We get some vague infodump on the exact nature of Dust as the show’s antagonists start to explain why it is that they are so intent on splitting children from their Daemons (it’s a ‘greater good’ narrative rooted in a pastiche of the very worst kind of fringe Christian extremism as far as I can make out) but the show still oddly holds back from fully committing on this one, perhaps for dramatic effect, but it feels more like even the writers are starting to wonder just how far they can/should push such an overtly simplistic message. At any rate, the scenes feel a little awkward on a number of levels, and don’t solve my core issue of the Magisterium itself feeling terribly two-dimensional and a little cartoonish. There’s no real justification there for the cruelty they’re inflicting, and mention of ‘sin’ has about the same impact as ‘heresy’ given that the show has done nothing to really explain what the Magisterium is, or what its belief system and faith structure look like.
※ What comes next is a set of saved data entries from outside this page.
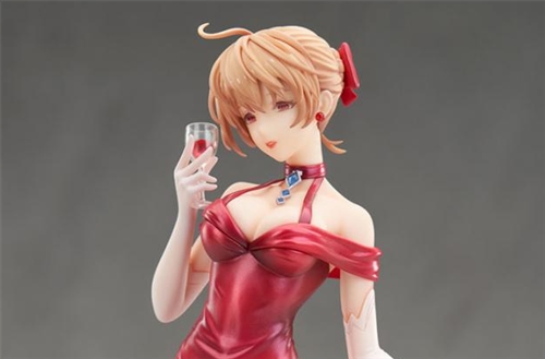 The figure wearing a red nightgown and standing with a glass in one hand is faithfully reproduced based on the illustration. Her crimson dress has pearl coating that gives it a three-dimensional effect and makes it more elegant.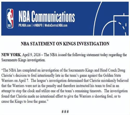 北京時間4月10日,聯(lián)盟在今日的官方聲明中宣布,NBA已結束針對國王隊的簡短調查,不會對球隊處以罰款,也不會采取任...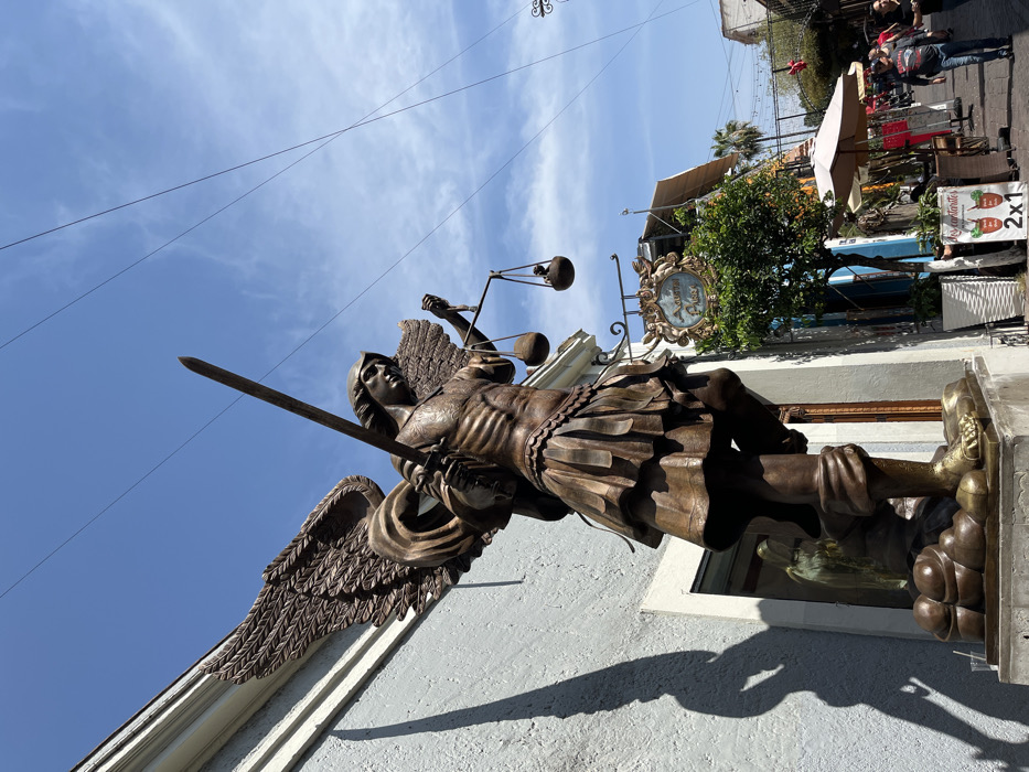 A bronze statue of an angel holding scales and a sword stands against a bright blue sky. The angel has wings and wears a short skirt. The statue is placed in front of a white building with a decorative sign above a window. People walk on a sidewalk in the background. A palm tree and vendor stalls are also visible.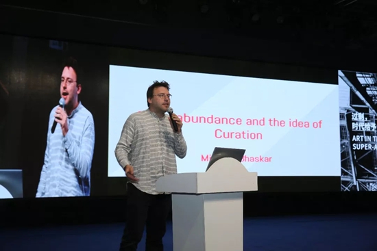 凱倫·史密斯館長邀請了第一位發(fā)言人上臺演講。首先發(fā)言的嘉賓是一名來自英國著名的作家、數(shù)字出版人以及企業(yè)家邁克爾.巴斯卡爾,他從時代各種過剩的現(xiàn)象為切入點,表達了他對策展“這個詞的獨到見解。他認為處在全球化、科技發(fā)展的時代進程中,社交媒體以及信息大爆炸式的發(fā)展必然導(dǎo)致人類生活方式的改變,這種巨大的社會變革重塑了”策展“的使用語境,策展人通過篩選信息并有效利用就可以創(chuàng)造更多的價值。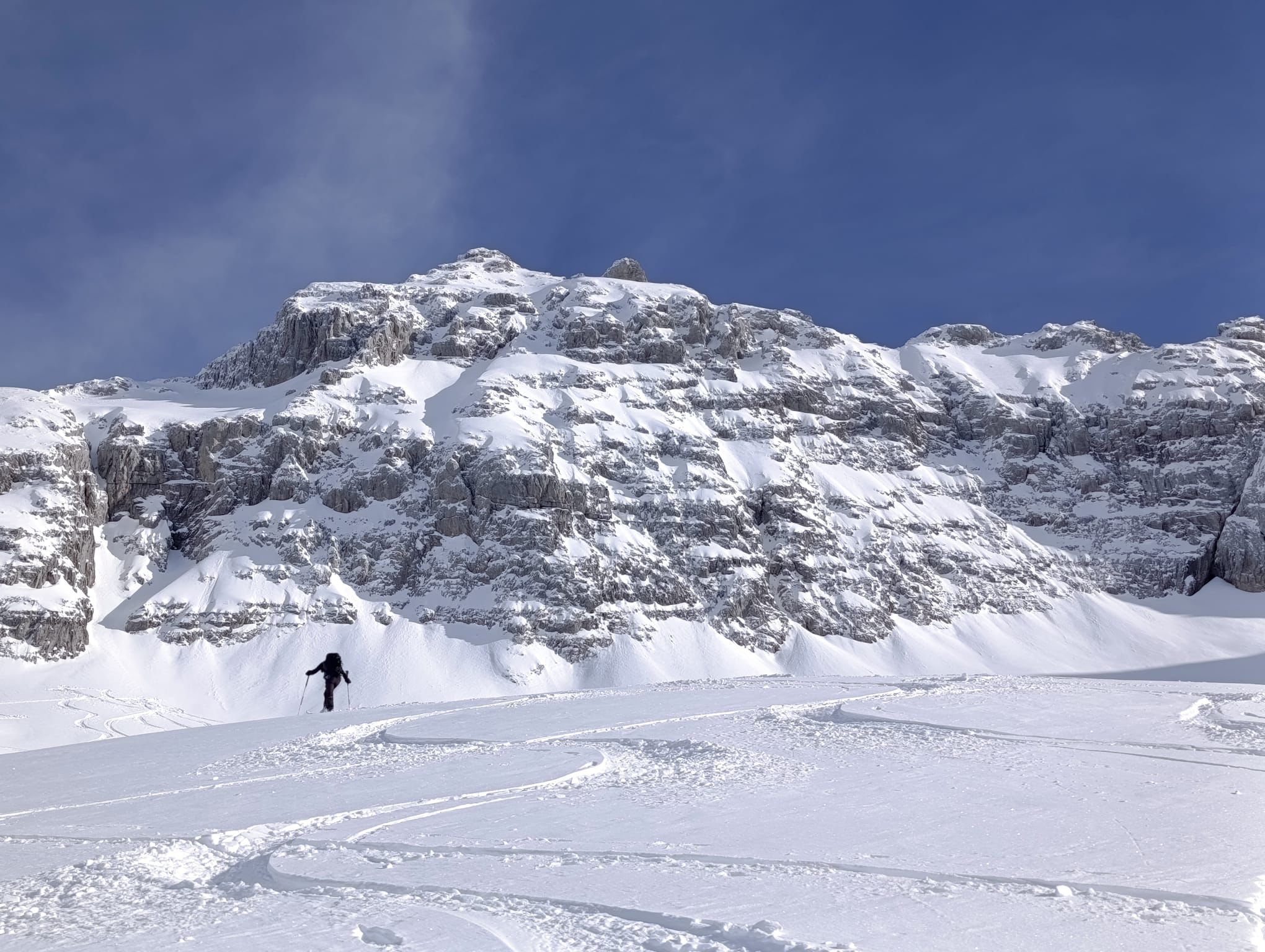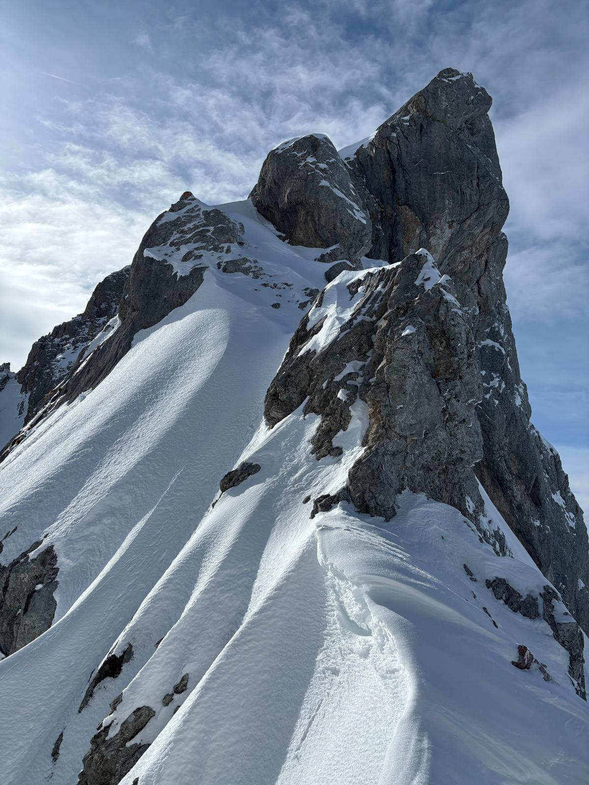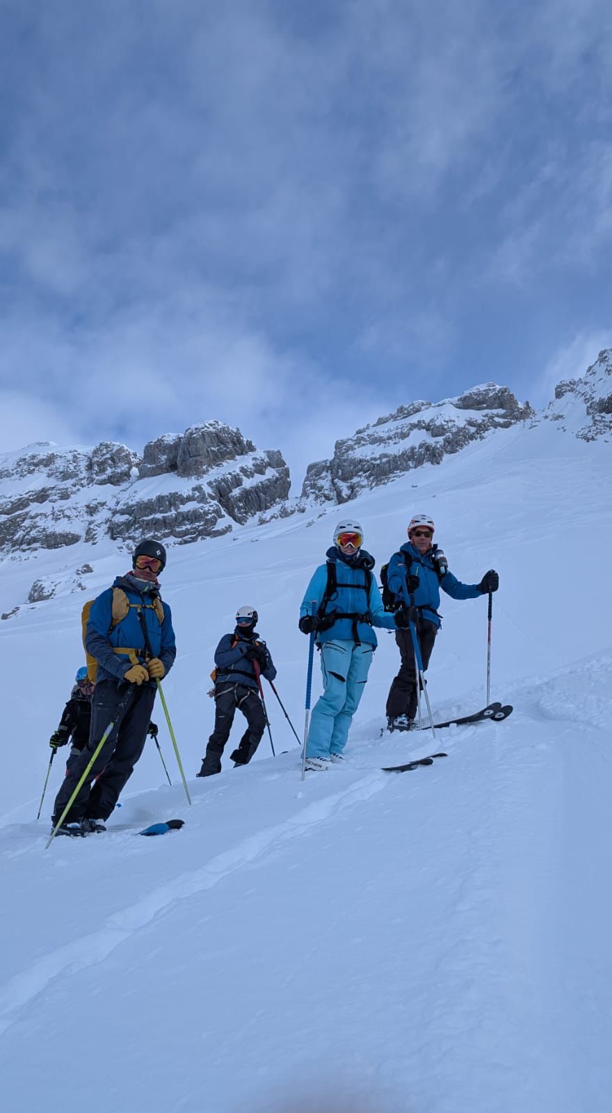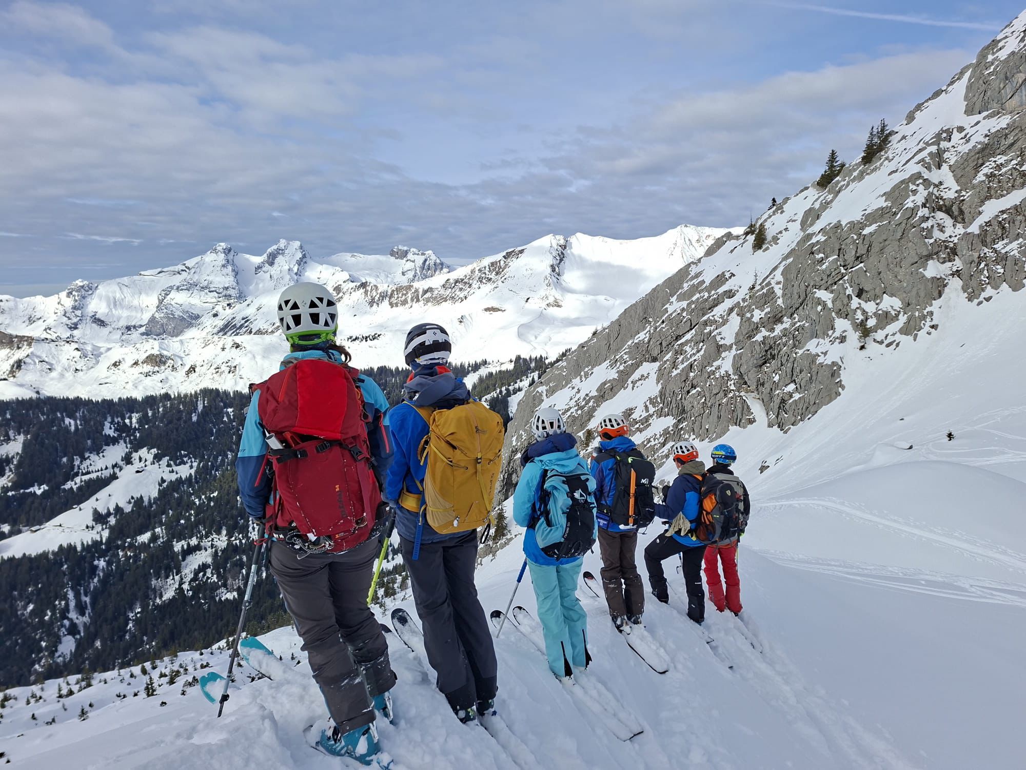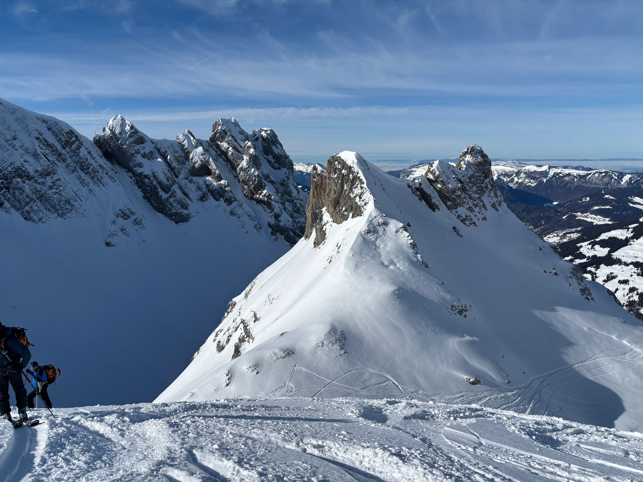 J2 : deux combes au programme avant de redescendre au grand Bornand. Nous débutons notre course par une descente dans la magnifique poudreuse, direction le bas de la combe de chombas. Nous y déposons quelques affaires pour s'alléger. Direction la combe de Charvet, très sauvage avec une belle neige de cinéma ! Panorama magnifique avec vue jusqu'aux Ecrins. Puis retour dans la combe de Chombas et montée dans un petit couloir qui nous offre un panorma exceptionnel. Descente délicieuse jusqu'à ce que l'on reprenne nos affaires. Dernière descente "sanglier"dans un canyon qui aura eu raison de nos cuisses...Retour à l'auberge nordique, puis bus jusqu'au grand Bornand et remontée en télecabine avec le forfait randonneur jsqu'au chinaillon. De bons et beaux souvenirs dans les Aravis, où d'autres combent restent encore à visiter...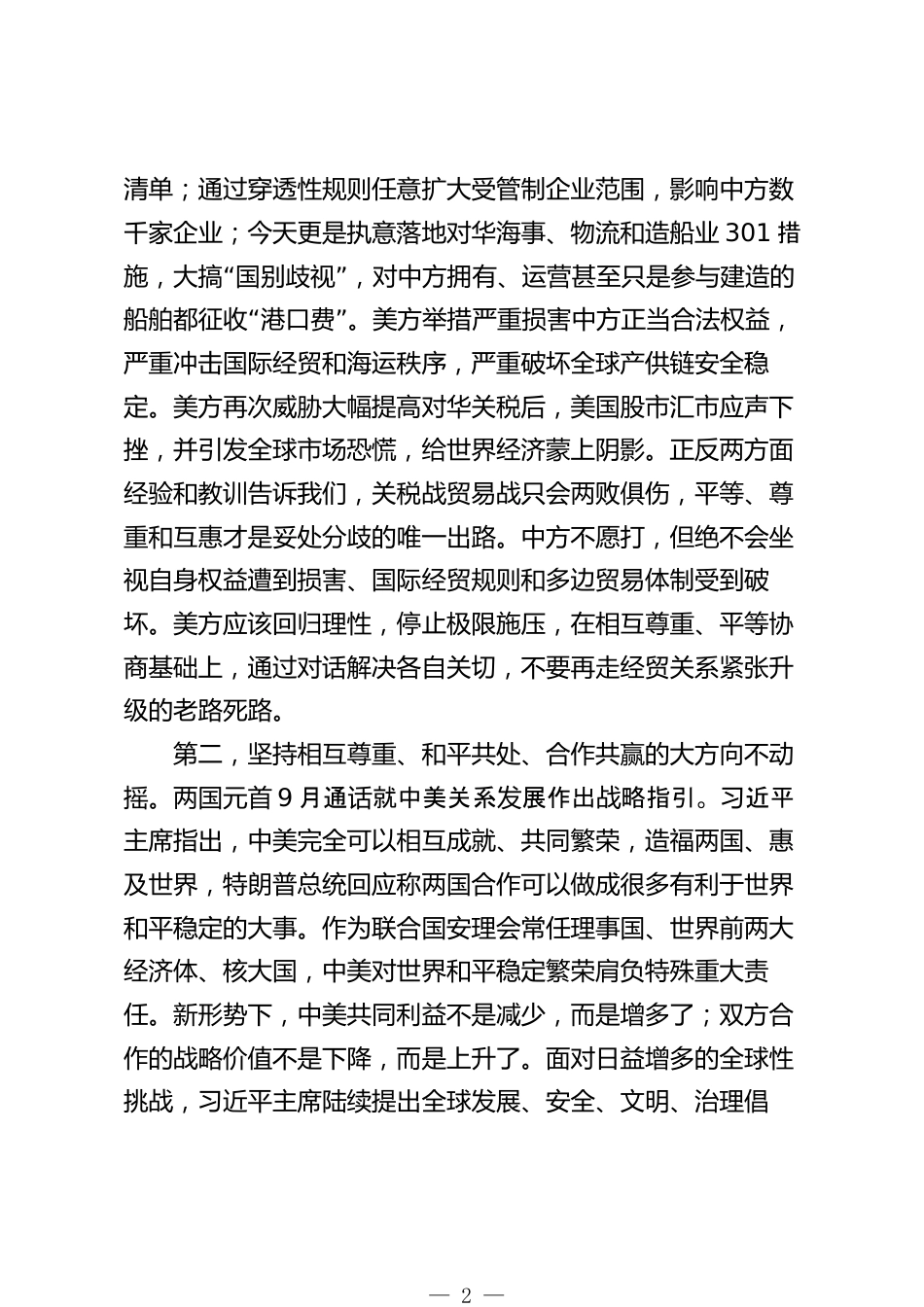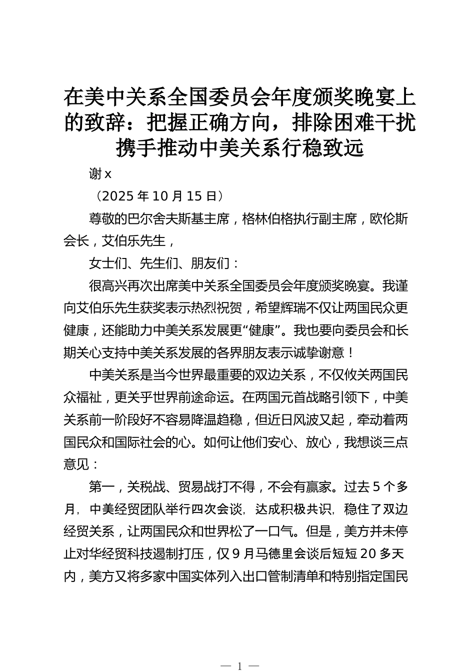 在美中關(guān)系全國委員會年度頒獎晚宴上的致辭:把握正確方向,排除困難干擾攜手推動中美關(guān)系行穩(wěn)致遠(yuǎn)謝x(2025年10月15日)尊敬的巴爾舍夫斯基主席,格林伯格執(zhí)行副主席,歐倫斯會長,艾伯樂先生,女士們、先生們、朋友們:很高興再次出席美中關(guān)系全國委員會年度頒獎晚宴。我謹(jǐn)向艾伯樂先生獲獎表示熱烈祝賀,希望輝瑞不僅讓兩國民眾更“”健康,還能助力中美關(guān)系發(fā)展更健康。我也要向委員會和長期關(guān)心支持中美關(guān)系發(fā)展的各界朋友表示誠摯謝意!中美關(guān)系是當(dāng)今世界最重要的雙邊關(guān)系,不僅攸關(guān)兩國民眾福祉,更關(guān)乎世界前途命運(yùn)。在兩國元首戰(zhàn)略引領(lǐng)下,中美關(guān)系前一階段好...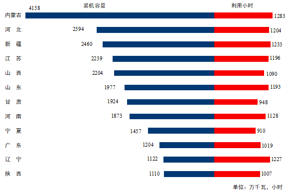 圖3 1-6月份風(fēng)電裝機(jī)較多省份風(fēng)電裝機(jī)容量和設(shè)備利用小時(shí)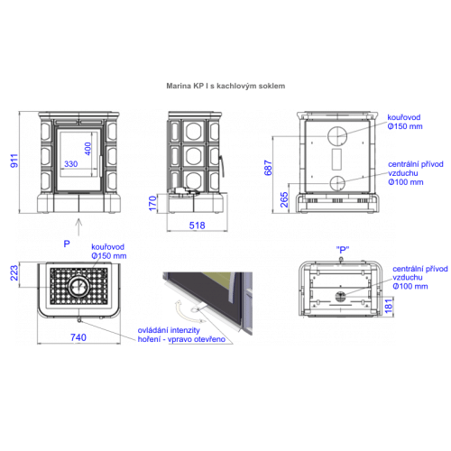 - vnější průměr kouřovodu - ⌀150 mm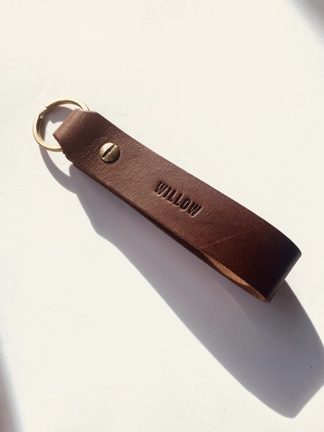 These key loops/rings are made with high quality leather hides and can be personalised (Please refer to personalisation details below). Available in a variety of colours, with solid brass details. Designed to be worn on a belt, bag strap or just as a fob and because of the fastening you can detach the key loop.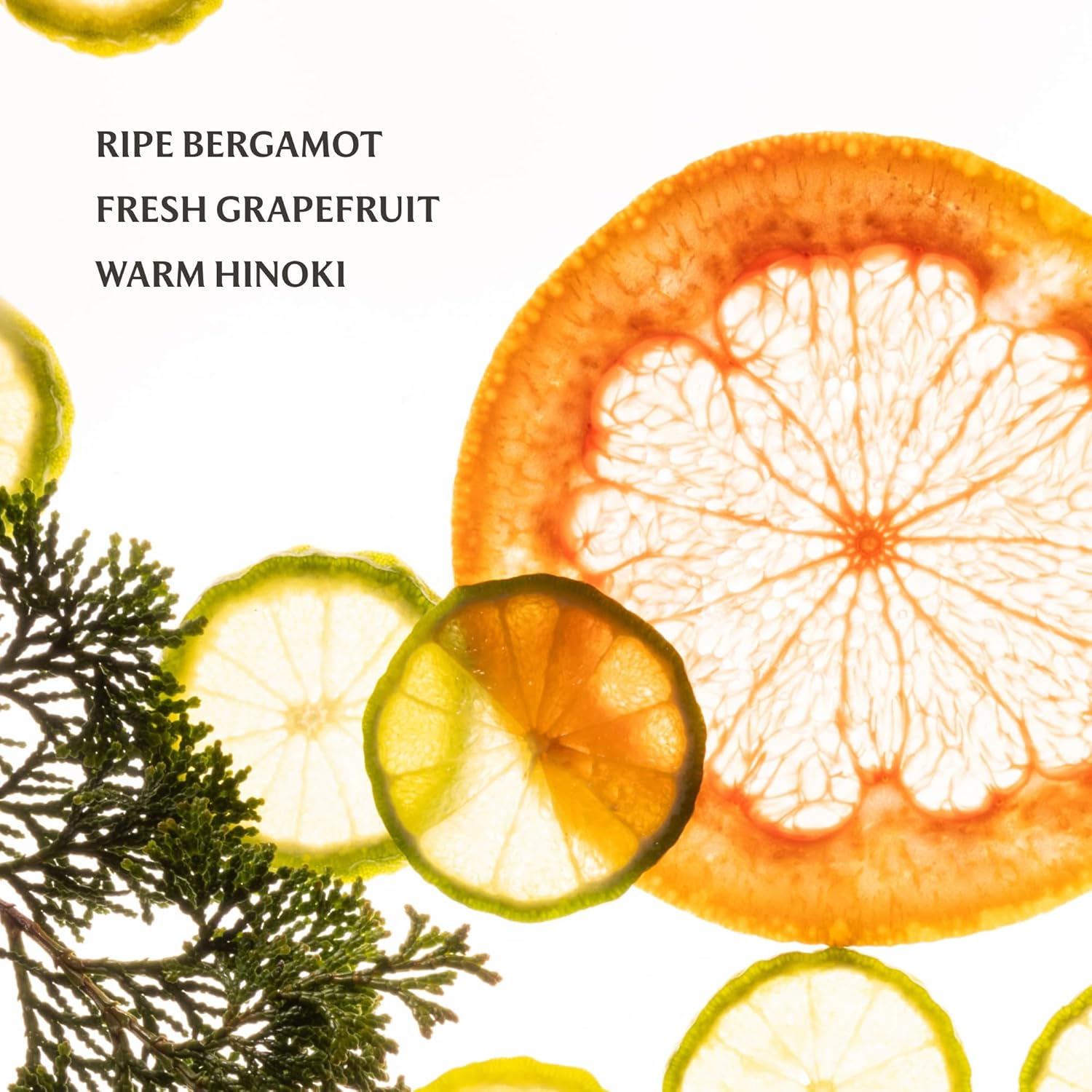 - MEET SPARKLING BERGAMOT: Elegant and serene with a touch of zest. Vibrant bergamot and grapefruit uplift, while hinoki wood grounds with its soothing warmth in this fresh fragrance.

Instead, it just flirts with ideas it has no apparent intention of fleshing out, inviting the viewer to place their own there instead, while giving them little to go on other than a general sense that they’re ‘bad’.

Why this is so frustrating is that it contrasts sharply with the depth and feeling of the performances. Keen is as mentioned fabulous. Anne-Marie Duff steals the entire show for me as Ma Costa, a woman with goodness in her soul but revenge in her heart, and who isn’t afraid of getting her hands dirty in pursuing it. There’s some deeply emotional scenes involving the children at Bolvangar – both those still whole and the ones already split from their daemons, and it can’t help but frustrate to have all this good drama on display and no real sense of the villains being anything more than cardboard cutouts doing all this because they’re just baddies.

Still, there’s some good action, decent performances and a sense that the story is moving onward. I just wish it could get all its ducks in a row and then it could be great instead of merely competent, although perhaps that’s a failing that’s intrinsic to the source material rather than this adaptation.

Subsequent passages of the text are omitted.